**What is being asked**: Restate the lines of the material below word for word, from the first through the one containing "STORAGE AREA VIEW", and include nothing else; pictures stay out.

**Data section**:
::::
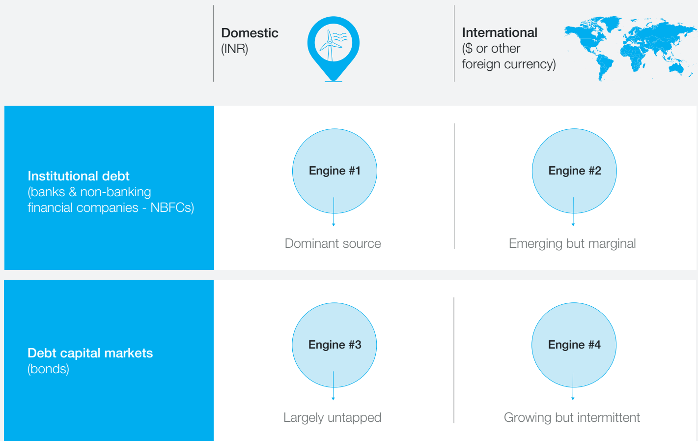
FIGURE 1 Four engines of utility-scale renewable energy debt finance

The domestic bond market has recently seen some limited activity 9 with respect to utility-scale renewable energy. But much more needs to be done on this front. The proposed solution bridges the gap between where credit ratings are for utility-scale renewable energy project loans and where they would need to be to access the domestic bond market in a self-supporting manner and at scale. There has been a significant upward movement in such credit ratings over recent years. A CEEW study released in December 2021 tracked the project loan ratings of 114 solar projects over the 2012-20 period. It found that “all solar projects
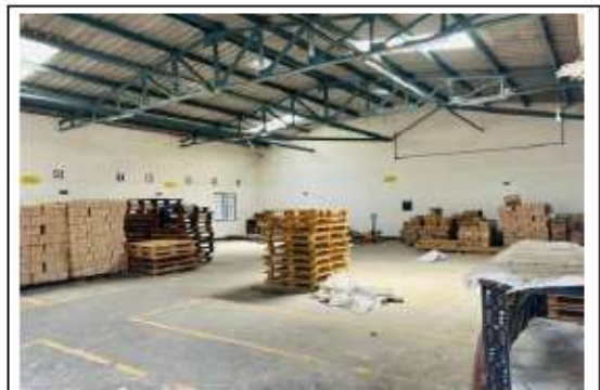
STORAGE AREA VIEW
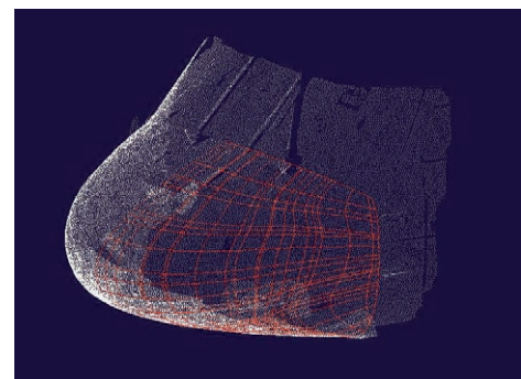
Fig. 6: Nose - ATOS Scan data (optical white light scanner data)
::::
**Result below**:
FIGURE 1 Four engines of utility-scale renewable energy debt finance

The domestic bond market has recently seen some limited activity 9 with respect to utility-scale renewable energy. But much more needs to be done on this front. The proposed solution bridges the gap between where credit ratings are for utility-scale renewable energy project loans and where they would need to be to access the domestic bond market in a self-supporting manner and at scale. There has been a significant upward movement in such credit ratings over recent years. A CEEW study released in December 2021 tracked the project loan ratings of 114 solar projects over the 2012-20 period. It found that “all solar projects
STORAGE AREA VIEW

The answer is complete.